An extension of the personal Shringaar or decoration of images and svarupas is the art of building phool banglas, literally entire houses of flowers, in which the deities are then enshrined. This is an art particularly popular during the hot season, the idea being that the flower decorations are cooling and the masses of jasmine buds especially popular for these decorative houses are available in abundance at that time. The conjunction of tiny white flowers strung together into decorations, including even in the actual clothing of the deities, and the celestial fragrance produced by such quantities of jasmine, is beyond the power of mere words to describe.

The typical method of making these decorations is first to string the flowers and then to tie them onto frames fitted with rows of nails. An ancillary art to the making of phool banglas is the cutting of decorative pieces such as parrots, peacocks and other motifs and symbols from the fibrous white pith from the stalk of plantain (banana) trees. Incredibly intricate geometric patterns are produced by the tying of the strings of flowers onto these frames; the cut-outs of plantain stalk are also extremely intricate and show a high degree of artistic skill and dedication. All of the above-mentioned arts and crafts are put to one principal use: the enhancement of the sense of devotion, both in temple worship and in the viewing and enjoyment of the raas lila.

The raas lila may be called the ultimate extension of temple worship into everyday life, with a concomitant pouring of bhakti or devotion into every humdrum activity of the worshipper’s life.

Images

Temple worship in Hinduism presumes a highly developed aesthetic expression. At the heart of the temples are the images, which must be made to strict scriptural standards. Casting of images in brass and other metals is another of the important skills still practiced in Vrindavan.

During the pilgrimage season, in the monsoon months, thousands of pilgrims pass daily through Vrindavan; many will wish to return home with images cast in this holy spot for worship in their homes and personal shrines. Of course, temples, too, rely on this supply if images.

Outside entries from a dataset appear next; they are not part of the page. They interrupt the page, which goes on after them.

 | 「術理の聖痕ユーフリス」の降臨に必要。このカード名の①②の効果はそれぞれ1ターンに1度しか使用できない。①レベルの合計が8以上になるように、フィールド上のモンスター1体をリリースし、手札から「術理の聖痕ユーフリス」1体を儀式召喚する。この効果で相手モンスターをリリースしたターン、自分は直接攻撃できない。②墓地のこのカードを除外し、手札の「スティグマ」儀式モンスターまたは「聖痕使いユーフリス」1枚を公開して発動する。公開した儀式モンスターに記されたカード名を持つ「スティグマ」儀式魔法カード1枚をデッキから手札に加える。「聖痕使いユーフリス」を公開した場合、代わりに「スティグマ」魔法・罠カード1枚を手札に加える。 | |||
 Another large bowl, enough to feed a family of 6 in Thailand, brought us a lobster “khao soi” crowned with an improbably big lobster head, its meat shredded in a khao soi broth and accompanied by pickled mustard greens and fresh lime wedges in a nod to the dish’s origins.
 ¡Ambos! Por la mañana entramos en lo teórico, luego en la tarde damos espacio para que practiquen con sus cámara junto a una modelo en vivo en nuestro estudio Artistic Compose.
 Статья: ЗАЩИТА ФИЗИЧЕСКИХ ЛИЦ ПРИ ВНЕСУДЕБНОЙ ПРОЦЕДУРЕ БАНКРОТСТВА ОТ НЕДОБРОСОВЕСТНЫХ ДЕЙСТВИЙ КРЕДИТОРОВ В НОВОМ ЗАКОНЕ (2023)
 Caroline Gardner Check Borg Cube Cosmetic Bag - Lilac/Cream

Images are cast not only in metals. For other festive occasions, such as Diwali, the festival of lamps, images such as that of Lakshmi, the goddess of prosperity and abundance, are made in terracotta; many other terra-cotta figures, such as the gods Ganesh and Hanuman, a variety of animals, from horses to elephants, and human figures, such as gopis, are also produced. These images fall under the category of folk arts. Many of them are brightly painted, displaying traditional costumes of the area. Folk arts cross sectarian boundaries, and so the great festival of Sivaratri, the holy night of Siva, also finds its place in Braj. A variety of clay images are produced for this special celebration, to be offered in worship in homes and temples.

All these arts and crafts are part of a timeless heritage. It is so surprise, then, to find that the folk arts are being discovered once again by enterprising visitors to India.

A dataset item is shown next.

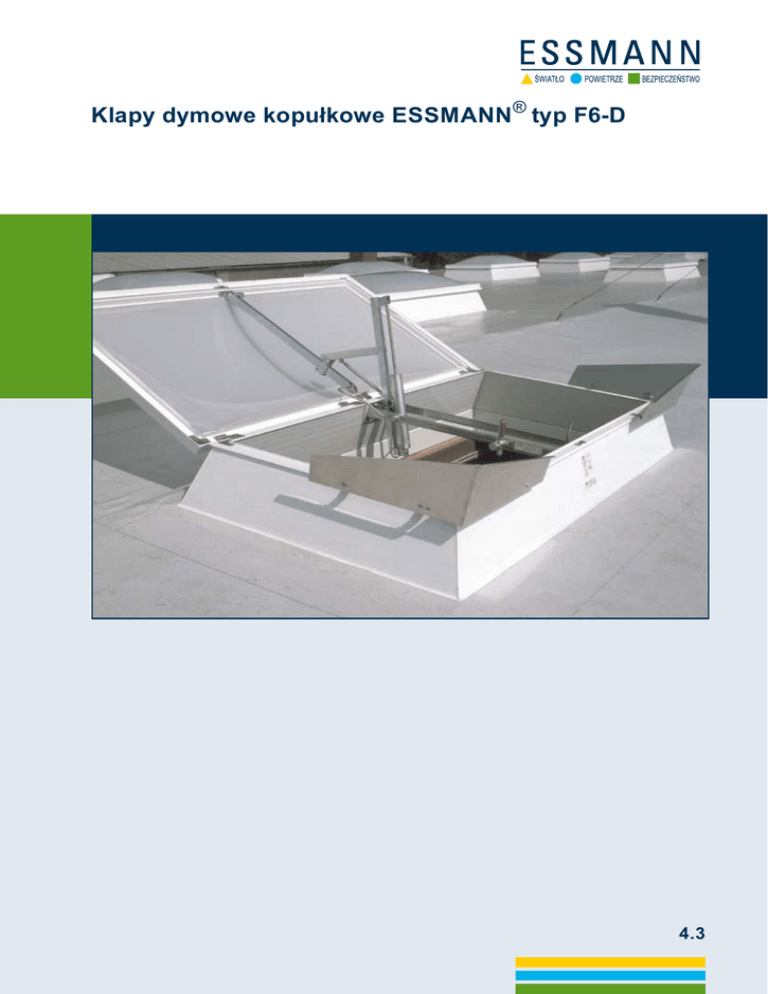 Klapy dymowe kopułkowe ESSMANN ® typ F6-D 4.3 Opis produktu Klapy dymowe kopułkowe ESSMANN ® Typ F6-D Świetliki kopułkowe ESSMANN typ 810 są wykonane z opalizowanego akrylu i we wszystkich wielkościach obudowane są stabilnym obramowaniem z PCV. W jednym elemencie budowlanym łączą trzy zasadnicze role: 1.doświetlają pomieszczenia światłem dziennym 2.zapewniają wentylację pomieszczeń 3.jako system oddymiający stanowią zabezpieczenie przeciwpożarowe zgodnie z normami DIN i EN Świetliki kopułkowe są osadzone na ocieplanych wieńcach o wysokości 30 cm. Klapa dymowa może być wyzwalana automatycznie mechanizmem termicznym wyposażonym w czujki temperaturowe 70oC / 90oC bądź manualnie przez stację wyzwalania awaryjnego. System spełnia wymogi normy PN EN 12101-2. Wymiary klap Stan 1/2007 Zmiany techniczne zastrzeżone. Wymiar nominalny Powierzchnia wlotu światła m2 Geometryczna powierzchnia wlotu m2 Współczynnik Aa w m2 z osłoną wiatrową KLK 100/100 0,81 1,00 0,750 KLK 100/200 1,70 2,00 1,500 KLK 100/250 2,14 2,50 1,875 LK 120/120 1,00 1,44 0,936 KLK 120/120 1,20 1,44 1,080 LK 120/150 1,30 1,80 1,170 LK 120/240 2,20 2,88 2,016 KLK 120/240 2,51 2,88 2,160 LK 150/150 1,69 2,25 1,575 KLK 150/150 1,95 2,25 1,688 LK 150/240 2,86 3,60 2,520 KLK 150/240 3,20 3,60 2,700 KLK 150/250 3,34 3,75 2,813 LK 180/240 3,52 4,32 3,024 KLK 180/240 3,89 4,32 3,240 KLK 180/250 4,06 4,50 3,375 Więcej informacji na www.essmann.pl Inne wielkości na zapytanie (zob. też tabela wartości współczynników Aa, specyfikacja 4.1). Zmiany techniczne zastrzeżone. Essmann Polska Sp. z o.o. Stara Iwiczna, ul. Nowa 23 PL 05-500 Piaseczno Tel.: +48 (22) 750 33 41 Fax: +48 (22) 750 33 10 e-mail: [email protected] www.essmann.pl

It would be a sad commentary on our mechanized age should they be allowed to die out for lack of sustained and enlightened patronage. But just as our industries are constantly being revamped and improved, so should our arts and crafts gain from the benefits of modern techniques and modern teaching methods as well.

To ensure that such forms of artistic expression do not become lost amidst the contemporary clutter of mass-produced consumer goods, the Braja Kala Gurukula will encourage and promote folk crafts to ensure finer products of the highest human and artistic calibre possible, crafts of which we may continue to be proud.